*** SUPPLIED INFORMATION Section Begins ***

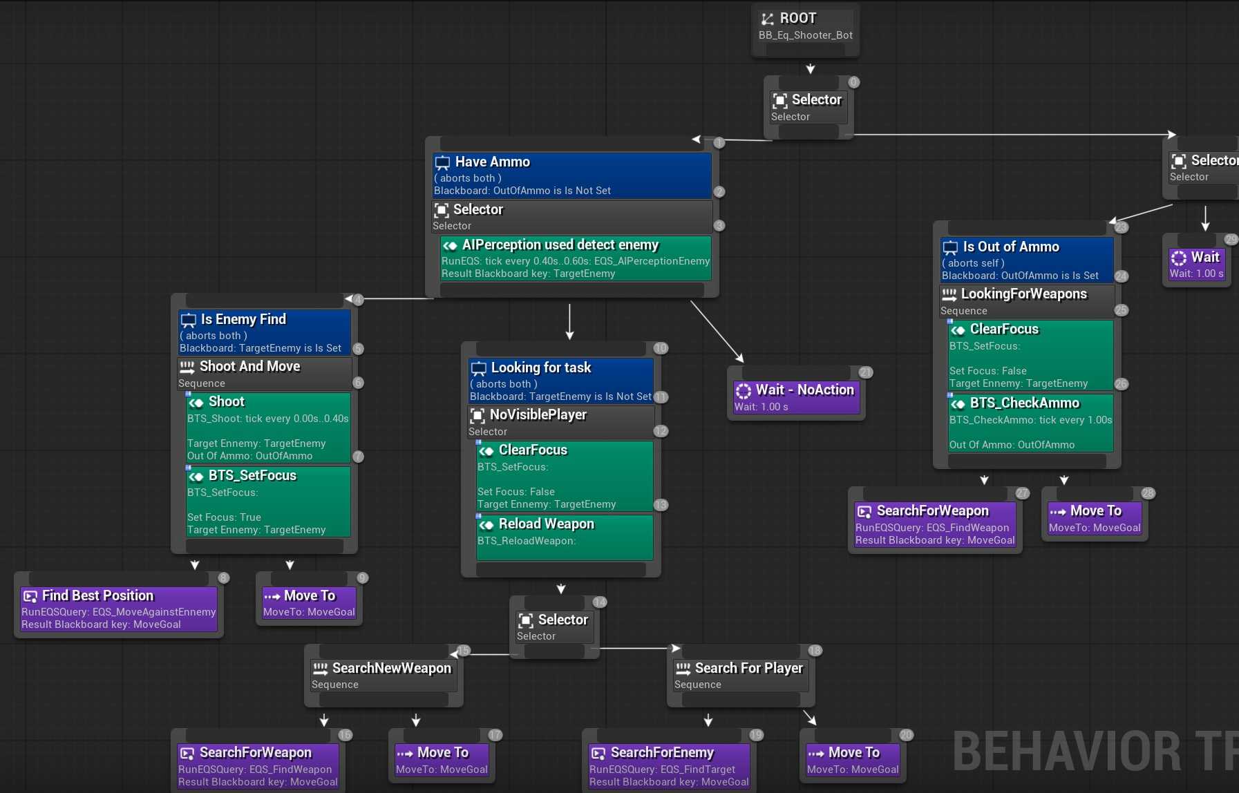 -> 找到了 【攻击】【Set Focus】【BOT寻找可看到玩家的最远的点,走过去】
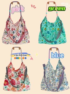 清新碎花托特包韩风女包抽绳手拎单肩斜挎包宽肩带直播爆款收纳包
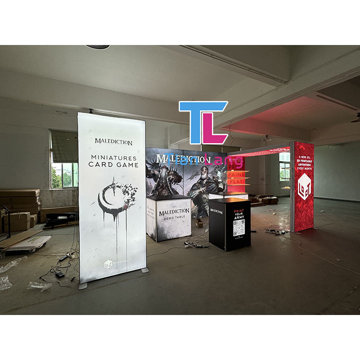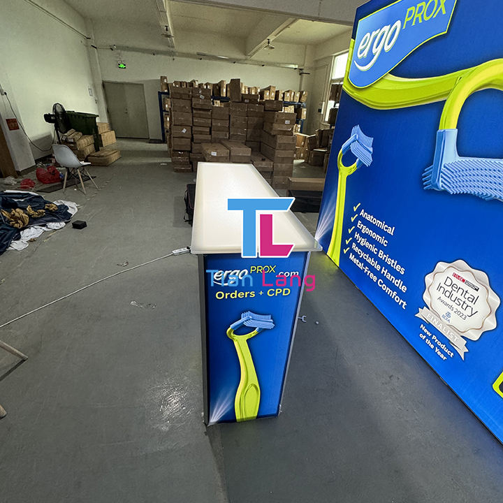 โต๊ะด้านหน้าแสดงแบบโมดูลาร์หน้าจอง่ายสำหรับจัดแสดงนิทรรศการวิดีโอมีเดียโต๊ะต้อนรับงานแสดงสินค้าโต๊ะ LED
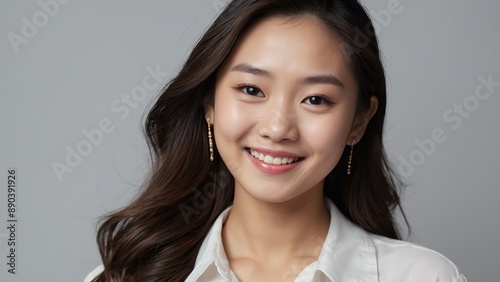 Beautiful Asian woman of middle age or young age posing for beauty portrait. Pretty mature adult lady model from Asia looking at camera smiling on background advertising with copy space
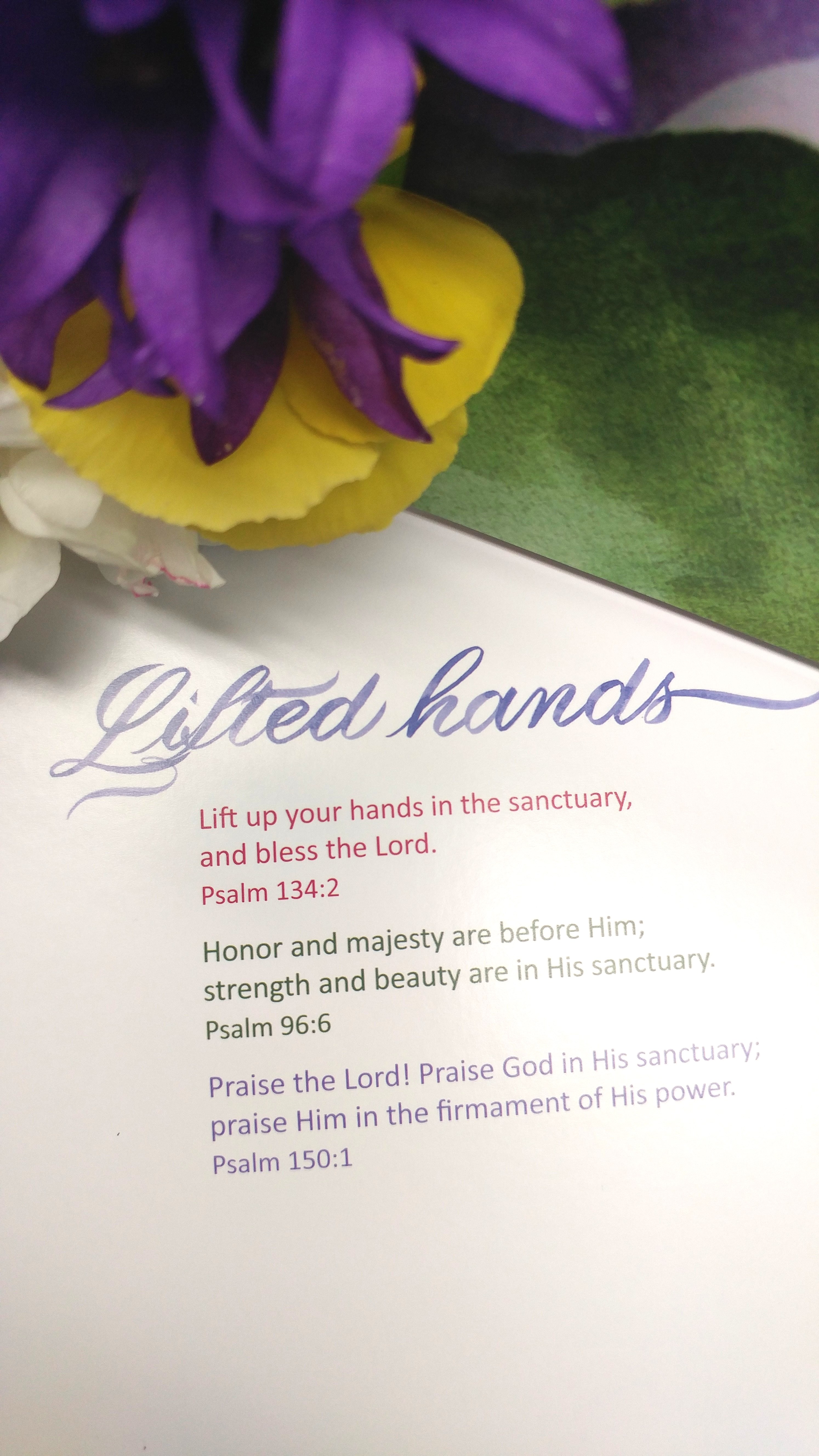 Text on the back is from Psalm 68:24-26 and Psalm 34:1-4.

*** SUPPLIED INFORMATION Section Ends ***

> **ACTION ITEM**
The records above should be repeated exactly, with every picture omitted.

> **EXERCISE OUTPUT**
 -> 找到了 【攻击】【Set Focus】【BOT寻找可看到玩家的最远的点,走过去】
 清新碎花托特包韩风女包抽绳手拎单肩斜挎包宽肩带直播爆款收纳包
 โต๊ะด้านหน้าแสดงแบบโมดูลาร์หน้าจอง่ายสำหรับจัดแสดงนิทรรศการวิดีโอมีเดียโต๊ะต้อนรับงานแสดงสินค้าโต๊ะ LED
 Beautiful Asian woman of middle age or young age posing for beauty portrait. Pretty mature adult lady model from Asia looking at camera smiling on background advertising with copy space
 Text on the back is from Psalm 68:24-26 and Psalm 34:1-4.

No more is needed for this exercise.